Maugeri isn't as focused on the politics as he is on global production capacity. He said that many people have underestimated global supply because they expected improved recovery techniques would delay or moderate the natural rate of production decline in old fields. It was a mistake “to view decline rates of existing fields as deterministic and inflexible functions,” he wrote in his newsletter.

Another reason for underestimating supplies, he said, was that some people underestimated the potential for higher levels of shale oil output.

Maugeri also said that the recent drop in prices would not stimulate demand enough to offset higher production levels. He said he expected no more than a 1 million barrel-a-day rebound.

Maugeri's observation suggests that the recent 20 percent plus drop in crude oil prices isn't just a passing dip in prices. Even a cut in output by OPEC might simply delay further price declines. For now, Saudi Arabia, the traditional swing oil producer, has decided to maintain its output level even if prices drop in an effort to hang onto market share and upset the investment plans of rival oil producers and renewable energy companies.

Maugeri expects “there will be growing strains within OPEC,” he said in his email.

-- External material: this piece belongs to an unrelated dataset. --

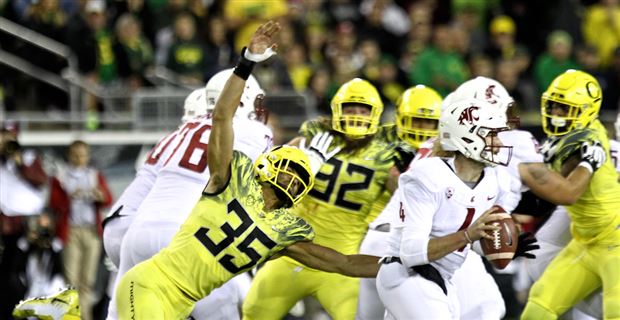 2017 — Accumulated six tackles in the season opener against Southern Utah including one sack ... Followed that up with five tackles against Nebraska and 1.5 tackles for loss ... Recorded first career forced fumble against NU ... Set career high with 1.5 sacks against Cal finishing the game with six tackles and a forced fumble ... Earned four tackles, including one tackle-for-loss, and a forced fumble at Wyoming ... Logged six tackles, including a season high two tackles for loss, at Arizona State 2016 — Started at defensive end in all twelve games of the season . . . Recorded 51 (27-24) tackles with 9.5 tackles for loss for 33 yards . . . Stood out vs Utah with a career-high of nine (7-2) tackles, 2.5 tackles for loss and a sack. 2015 — Injuries relegated him to the sidelines for the entire year after he contributed to the Ducks' success as a true freshman . . . Was shifted from outside linebacker to defensive end prior to the 2016 spring as part of the program's realignment to a 4-3 defensive and if the Spring Game was any indication, the change would appear to be to his liking . . . Led all tacklers with eight stops in the final exhibition of the off-season. 2014 — The true freshman appeared in 14 games primarily on the kickoff coverage team and as a reserve outside linebacker, posting 10 tackles (three of which came on special teams) . . . Recovered a fumble in the final quarter of a victory over Oregon State Click to view Justin Hollins's complete biography |

“For now, Saudi Arabia is the only country that has voluntarily avoided [producing] at full capacity,” he added. “If oil prices continue to slip down, the kingdom will ask the other members to share the burden, but the others will likely try to resist such pressure, and SA may react by not cutting anything more than it's doing.”

He added that “the problem could become even more acute” if there is new output from any of the OPEC members — such as Nigeria, Libya, Iraq or Iran — that are producing less than capacity because of war, strife or sanctions.